● **Your instructions**:
Beginning at the top of the data below, restate every line word for word until the line containing "3、果汁放凉后,将凉的南瓜块放入果汁中,即可饮用。" has been included, and omit the pictures.
-- Dataset records follows --
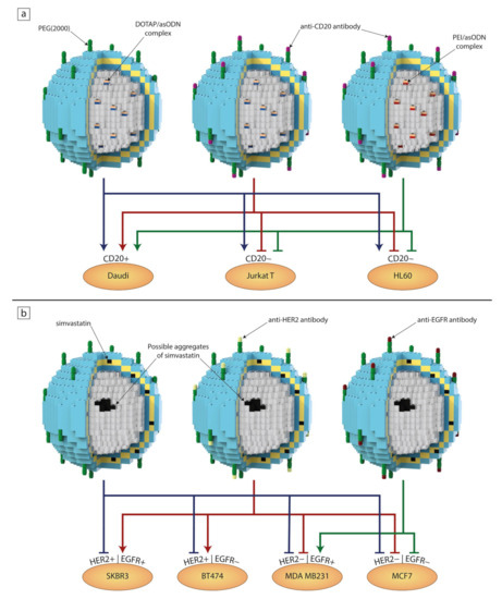 The interchangeability of individual blocks resulting in different or synergistic effects on individual cell lines after treatment with liposomal formulations containing antisense oligonucleotide (asODN) complexes (a) [136,137] and simvastatin (b) [66,138]. Arrows show a noticeable decrease in cell viability and/or interactions with cells, while blind-ended arrows indicate a lack of a significant effect after the addition of liposomes to the cell culture medium.
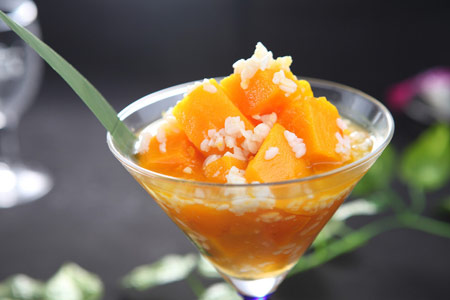 3、果汁放凉后,将凉的南瓜块放入果汁中,即可饮用。
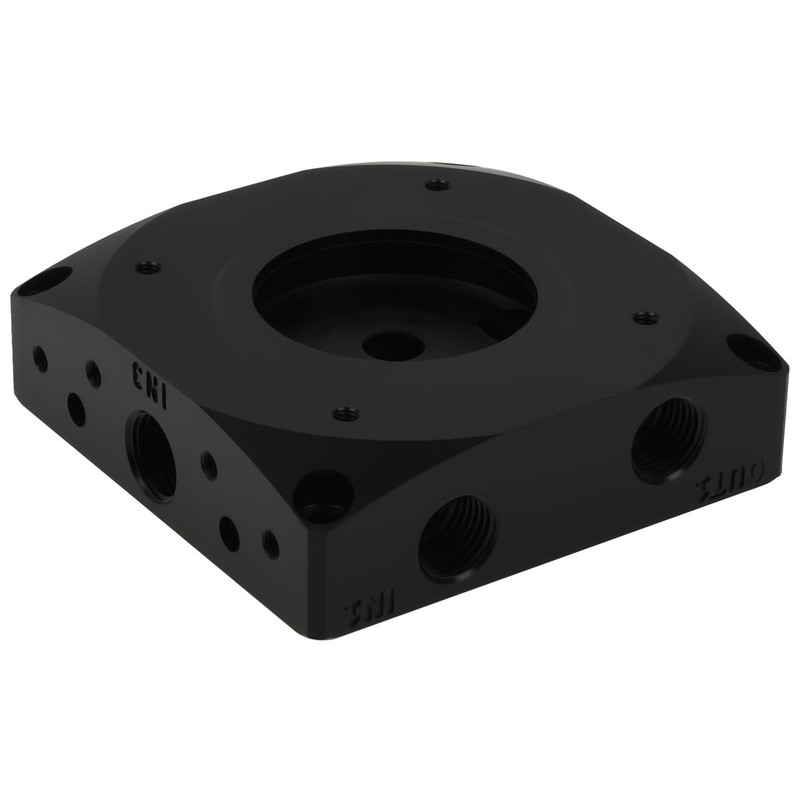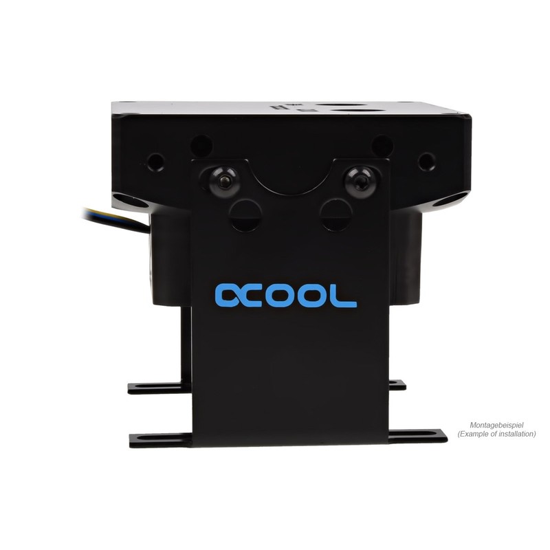 The tried and tested Laing DDC attachment is now available in the new design. For years, this attachment has been a benchmark. Small improvements have been made time and time again. The first big update differs both visually and technically in a few details. The principle: on the bottom there is space for the Laing DDC pump separated from the original attachment and on the front or on the top inlet and outlet. For even more flexibility, the ice blanket has three inlets and two outlets. Another feature is the new holder to give the whole unit a stable stand and complete the overall optical picture. Optional mounting in the 3.5 inch slot is still possible. The attachment can be converted into a complete expansion tank with the help of the expansion tank attachment, which has also been revised. Technical data: dimensions: 80 x 80 x 23 mm, material: acetal connections: 5 x 1/4 inch thread, box contents: 1 x Alphacool ice cover Laing DDC acetal attachment V.2, 3 x locking screw 1/4 inch, 2 x feet mounting material, instructions for installation: after installation, a small gap remains between the pump and the lid. The tightness is given as the O-ring is a form-fitting connection. Therefore, the screws are not too tight, it can cause damage to the lid.
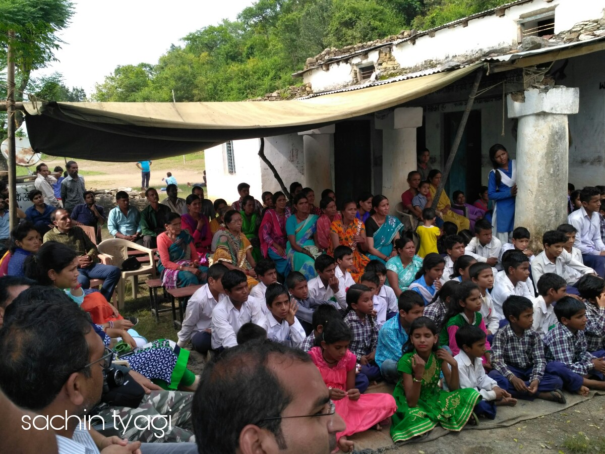 सुबह जल्दी ऊठ गया। बाहर कुछ पक्षियों ने सुरीला राग जो छेडा हुआ था। हरीश जी ने बैड टी (चाय) बना कर पिला दी। बाकी दोनो दोस्त अभी बिस्तर पर ही विराजमान थे। चाय पीने के बाद मैं थोडा घुमने चल पडा। पक्षी अभी भी सुबह सुबह मधुर गीत सुना रहे थे। कुछ लोग अपनी बकरियों व गाय को चारा दे रहे थे। कुछ बुजुर्ग लोग घर से निकल कर बाहर बैठे हुए थे। मै घुमता हुआ पंचायत भवन पहुंचा, जहां रात हमने खाना खाया था। थोडी देर बाद बीनू भी आ गया। बीनू और मैने बच्चो को दिए जाने वाले गिफ्ट व बांटे जाने वाली अन्य सामाग्री को अलग कोने में रख दिया। जिससे कोई समान यहां रह ना जाए। क्योकी हमे तकरीबन 2 किलोमीटर नीचे स्कूल में पहुँचना था। समान अलग रख कर मैं वापिस कमरे पर पहुंचा। नहाने व दैनिक कार्यो से निवर्त होकर हम तीनो तैयार थे स्कूल जाने को। हरीश जी ने एक बार और चाय व साथ में खाने के लिए बिस्किट दिए। समय लगभग 7:30 हो रहा था। हम सब पंचायत भवन पहुंचे और कुछ समान लेकर नीचे स्कूल की तरफ चल पडे। स्कूल तक बहुत उतराई थी मतलब आते वक्त बहुत चढ़ाई मिलेगी। हम बिना थके आगे बढ़ चले। हरीश जी पांचवी तक के स्कूल में रूक गए और हमे कहा की मै कुछ काम करके आता हूं आप लोग नीचे बडे स्कूल पर पहुंचे जहां पर आज दोनो स्कूलो का कार्यक्रम होना है।
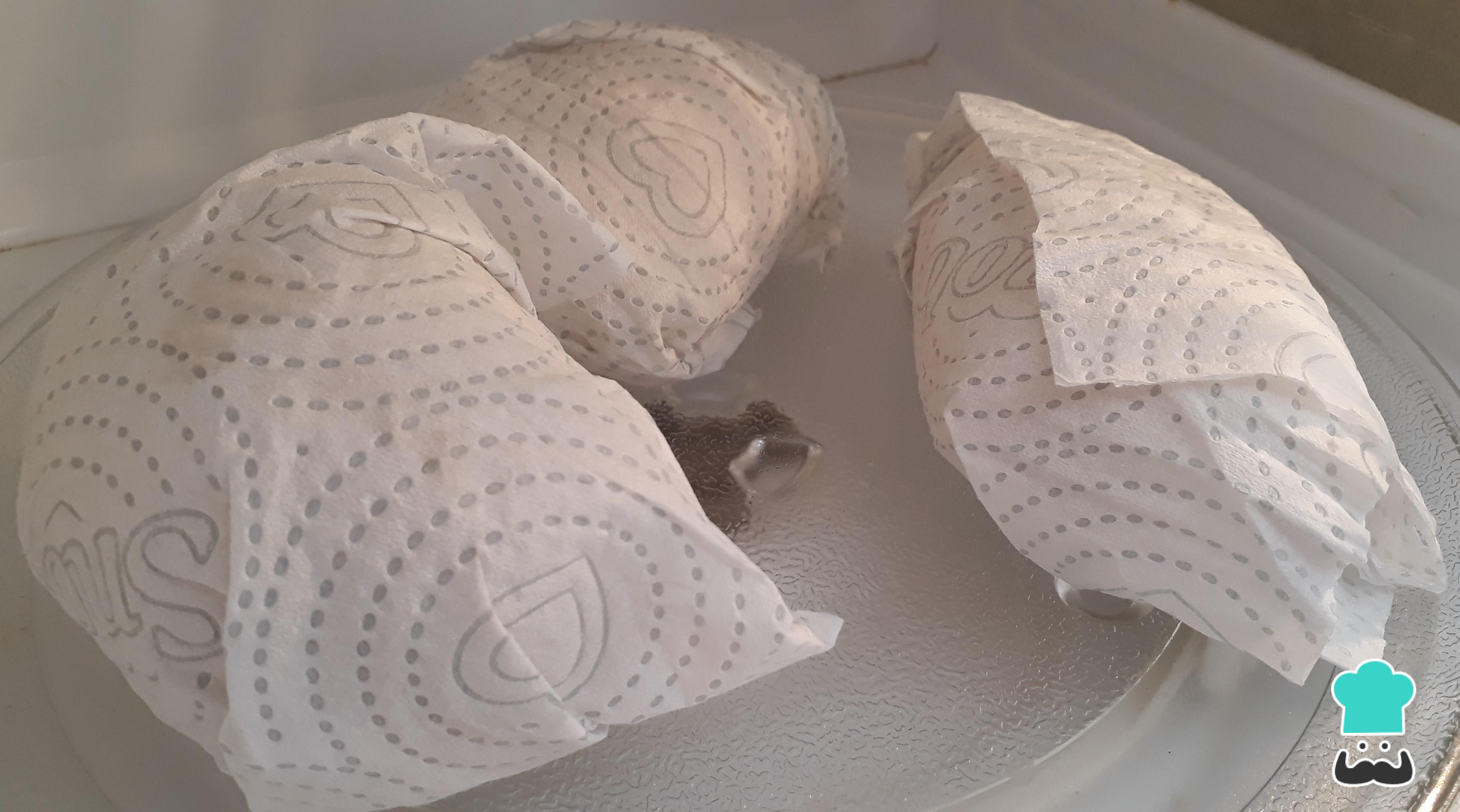 Comece por cozinhar as batatas. Você pode cozinhá-las na panela comum, na pressão ou no microondas, como fiz. Para isso, basta fazer alguns furos pelas batatas usando um garfo, embrulhar no papel toalha e assar de 5 a 8 minutos no microondas em potência máxima, virando na metade do tempo.
-- Dataset records concluded --
● **Result**:
 The interchangeability of individual blocks resulting in different or synergistic effects on individual cell lines after treatment with liposomal formulations containing antisense oligonucleotide (asODN) complexes (a) [136,137] and simvastatin (b) [66,138]. Arrows show a noticeable decrease in cell viability and/or interactions with cells, while blind-ended arrows indicate a lack of a significant effect after the addition of liposomes to the cell culture medium.
 3、果汁放凉后,将凉的南瓜块放入果汁中,即可饮用。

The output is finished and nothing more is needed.